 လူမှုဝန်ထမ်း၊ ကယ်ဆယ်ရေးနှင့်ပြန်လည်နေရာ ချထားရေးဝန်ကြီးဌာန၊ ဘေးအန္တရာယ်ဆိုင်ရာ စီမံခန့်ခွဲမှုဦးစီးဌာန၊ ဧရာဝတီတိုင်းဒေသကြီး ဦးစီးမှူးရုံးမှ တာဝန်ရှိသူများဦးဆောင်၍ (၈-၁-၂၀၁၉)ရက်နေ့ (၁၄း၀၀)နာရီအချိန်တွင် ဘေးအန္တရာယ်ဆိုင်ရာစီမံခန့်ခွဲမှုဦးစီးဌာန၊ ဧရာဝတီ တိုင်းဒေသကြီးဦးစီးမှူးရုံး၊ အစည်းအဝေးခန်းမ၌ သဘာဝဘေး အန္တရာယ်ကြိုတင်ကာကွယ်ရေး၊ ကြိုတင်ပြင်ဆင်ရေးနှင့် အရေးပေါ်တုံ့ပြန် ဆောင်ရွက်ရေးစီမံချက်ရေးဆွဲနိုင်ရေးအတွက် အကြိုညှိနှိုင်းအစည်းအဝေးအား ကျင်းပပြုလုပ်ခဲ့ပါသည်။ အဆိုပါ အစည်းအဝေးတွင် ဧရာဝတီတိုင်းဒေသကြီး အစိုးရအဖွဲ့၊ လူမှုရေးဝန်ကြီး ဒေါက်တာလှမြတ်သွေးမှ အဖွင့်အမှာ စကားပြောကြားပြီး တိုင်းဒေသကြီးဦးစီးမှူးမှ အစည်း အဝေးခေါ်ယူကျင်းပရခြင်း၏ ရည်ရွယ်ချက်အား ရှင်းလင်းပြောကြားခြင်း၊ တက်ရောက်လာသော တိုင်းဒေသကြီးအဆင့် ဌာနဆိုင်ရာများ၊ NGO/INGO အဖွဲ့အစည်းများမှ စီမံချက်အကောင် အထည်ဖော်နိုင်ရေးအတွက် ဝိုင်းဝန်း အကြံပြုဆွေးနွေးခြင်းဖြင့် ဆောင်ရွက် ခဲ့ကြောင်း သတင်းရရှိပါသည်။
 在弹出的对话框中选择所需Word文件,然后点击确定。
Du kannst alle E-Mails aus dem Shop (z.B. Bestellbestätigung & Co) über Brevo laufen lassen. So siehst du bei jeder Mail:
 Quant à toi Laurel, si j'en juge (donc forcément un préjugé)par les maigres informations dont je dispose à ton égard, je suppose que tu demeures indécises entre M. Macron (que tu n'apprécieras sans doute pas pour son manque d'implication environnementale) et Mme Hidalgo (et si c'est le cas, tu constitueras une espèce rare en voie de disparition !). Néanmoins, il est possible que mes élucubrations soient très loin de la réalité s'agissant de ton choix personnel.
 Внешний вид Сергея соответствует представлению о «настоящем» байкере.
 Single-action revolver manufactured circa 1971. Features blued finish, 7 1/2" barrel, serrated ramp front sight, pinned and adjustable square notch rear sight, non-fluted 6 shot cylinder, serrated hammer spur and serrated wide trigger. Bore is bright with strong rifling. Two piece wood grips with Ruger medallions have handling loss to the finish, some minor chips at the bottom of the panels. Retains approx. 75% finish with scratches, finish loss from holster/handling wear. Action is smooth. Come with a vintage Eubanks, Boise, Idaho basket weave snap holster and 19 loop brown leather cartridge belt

━━━━━━━━━━━━━━━━

* _Task directions_: The full listing is to be restated word for word.

* _Your response_:
 လူမှုဝန်ထမ်း၊ ကယ်ဆယ်ရေးနှင့်ပြန်လည်နေရာ ချထားရေးဝန်ကြီးဌာန၊ ဘေးအန္တရာယ်ဆိုင်ရာ စီမံခန့်ခွဲမှုဦးစီးဌာန၊ ဧရာဝတီတိုင်းဒေသကြီး ဦးစီးမှူးရုံးမှ တာဝန်ရှိသူများဦးဆောင်၍ (၈-၁-၂၀၁၉)ရက်နေ့ (၁၄း၀၀)နာရီအချိန်တွင် ဘေးအန္တရာယ်ဆိုင်ရာစီမံခန့်ခွဲမှုဦးစီးဌာန၊ ဧရာဝတီ တိုင်းဒေသကြီးဦးစီးမှူးရုံး၊ အစည်းအဝေးခန်းမ၌ သဘာဝဘေး အန္တရာယ်ကြိုတင်ကာကွယ်ရေး၊ ကြိုတင်ပြင်ဆင်ရေးနှင့် အရေးပေါ်တုံ့ပြန် ဆောင်ရွက်ရေးစီမံချက်ရေးဆွဲနိုင်ရေးအတွက် အကြိုညှိနှိုင်းအစည်းအဝေးအား ကျင်းပပြုလုပ်ခဲ့ပါသည်။ အဆိုပါ အစည်းအဝေးတွင် ဧရာဝတီတိုင်းဒေသကြီး အစိုးရအဖွဲ့၊ လူမှုရေးဝန်ကြီး ဒေါက်တာလှမြတ်သွေးမှ အဖွင့်အမှာ စကားပြောကြားပြီး တိုင်းဒေသကြီးဦးစီးမှူးမှ အစည်း အဝေးခေါ်ယူကျင်းပရခြင်း၏ ရည်ရွယ်ချက်အား ရှင်းလင်းပြောကြားခြင်း၊ တက်ရောက်လာသော တိုင်းဒေသကြီးအဆင့် ဌာနဆိုင်ရာများ၊ NGO/INGO အဖွဲ့အစည်းများမှ စီမံချက်အကောင် အထည်ဖော်နိုင်ရေးအတွက် ဝိုင်းဝန်း အကြံပြုဆွေးနွေးခြင်းဖြင့် ဆောင်ရွက် ခဲ့ကြောင်း သတင်းရရှိပါသည်။
 在弹出的对话框中选择所需Word文件,然后点击确定。
Du kannst alle E-Mails aus dem Shop (z.B. Bestellbestätigung & Co) über Brevo laufen lassen. So siehst du bei jeder Mail:
 Quant à toi Laurel, si j'en juge (donc forcément un préjugé)par les maigres informations dont je dispose à ton égard, je suppose que tu demeures indécises entre M. Macron (que tu n'apprécieras sans doute pas pour son manque d'implication environnementale) et Mme Hidalgo (et si c'est le cas, tu constitueras une espèce rare en voie de disparition !). Néanmoins, il est possible que mes élucubrations soient très loin de la réalité s'agissant de ton choix personnel.
 Внешний вид Сергея соответствует представлению о «настоящем» байкере.
 Single-action revolver manufactured circa 1971. Features blued finish, 7 1/2" barrel, serrated ramp front sight, pinned and adjustable square notch rear sight, non-fluted 6 shot cylinder, serrated hammer spur and serrated wide trigger. Bore is bright with strong rifling. Two piece wood grips with Ruger medallions have handling loss to the finish, some minor chips at the bottom of the panels. Retains approx. 75% finish with scratches, finish loss from holster/handling wear. Action is smooth. Come with a vintage Eubanks, Boise, Idaho basket weave snap holster and 19 loop brown leather cartridge belt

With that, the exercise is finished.